The first thing to “consider” is that SLAs (Service Level Agreements) are not written for customers, rather they are written by and for service providers. So unless you are a Fortune 1,000 customer with unlimited legal resources don’t ever expect to be compensated for data loss. You will be lucky to get a credit for the affected month.
The next factor is the cognizant party nature embedded in SLAs. Specifically there are different types of service providers; those which have multiple legal risk surfaces and those which have effectively only one (1).
For instance, a cloud backup vendor providing both the infrastructure AND a service has at least two (2) risk surfaces because they are involved with the actual assets of their customer(s). If that same vendor is providing the infrastructure and the service THROUGH a reseller channel then it jumps to at least three (3) surfaces.
Typically the SLAs for a vendor who is providing the actual service AND the infrastructure upon which that service runs are one-offs. In other words, there is an implicit individual SLA with each customer and it is architected to protect the provider by limiting responsibility because the vendor – or vendors if you include the channel – is/are technically “capable” of accessing the data. This means that the SLA must be designed to “thread the needle” and mitigate exposure on single accounts.
Keep in mind also that vendors with individual SLAs can triage which of their customers will receive immediate attention in times of crisis and which will wait their turn. This means the SLA is actually part of a larger profit/loss calculation at various points in your relationship.
Contrast this with an IaaS vendor who is not making any special arrangements based on customer identity and has absolutely no idea what is going on in any given cloud computer, and therefore need only address a single risk surface.
Since an IaaS vendor is only providing the infrastructure with no influence or visibility into the services running on that infrastructure they can operate on a generic one-size-fits all basis. This usually manifests as a terms and conditions checkmark on the credit card form you fill out.

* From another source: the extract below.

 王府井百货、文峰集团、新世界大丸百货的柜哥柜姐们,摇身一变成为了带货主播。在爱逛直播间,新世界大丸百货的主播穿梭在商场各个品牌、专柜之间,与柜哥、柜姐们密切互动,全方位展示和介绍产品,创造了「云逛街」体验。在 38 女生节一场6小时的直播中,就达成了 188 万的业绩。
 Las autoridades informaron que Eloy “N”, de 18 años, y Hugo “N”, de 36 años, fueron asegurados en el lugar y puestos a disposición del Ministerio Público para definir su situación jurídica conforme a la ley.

This way the vendor exposure is limited to nominal penalties for service outages and reminders that you will get nothing if your data is lost. On the surface this seems less attractive but in reality it is actually better for most normal organizations for a couple of reasons.

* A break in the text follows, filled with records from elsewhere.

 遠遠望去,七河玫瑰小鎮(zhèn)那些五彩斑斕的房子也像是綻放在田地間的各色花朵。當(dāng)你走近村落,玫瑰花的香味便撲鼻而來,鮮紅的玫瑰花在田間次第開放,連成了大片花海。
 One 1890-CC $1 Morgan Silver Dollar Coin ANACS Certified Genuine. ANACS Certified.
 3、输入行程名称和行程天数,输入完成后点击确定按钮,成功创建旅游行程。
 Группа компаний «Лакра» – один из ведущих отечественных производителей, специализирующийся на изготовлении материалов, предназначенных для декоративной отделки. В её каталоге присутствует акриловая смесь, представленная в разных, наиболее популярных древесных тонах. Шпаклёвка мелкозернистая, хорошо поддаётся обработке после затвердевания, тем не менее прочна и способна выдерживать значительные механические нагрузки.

- First, because the SLA is stretched over a large number of undifferentiated customers there is a very real incentive to keep the “crowd” from becoming dissatisfied and talking about it.
- Second, because the risk surface is much broader and less specific, third party out-of-band requests are harder to satisfy because the IaaS provider, by design, does not have ready access to the customer’s data.
Point being that ownership is much clearer with IaaS as opposed to SaaS and even PaaS.
Using the cloud backup example again, if you run your own software then the ownership is clearly delineated. In fact, when you attach a drive to one of your cloud computers, it is bound by the same limitations as a normal drive. In other words, while it is attached to your cloud computer, it can not be attached to another computer, just like in your data center.
Of course there is lots more to this subject but the basic premise is that sometimes being part of a crowd has it’s benefits.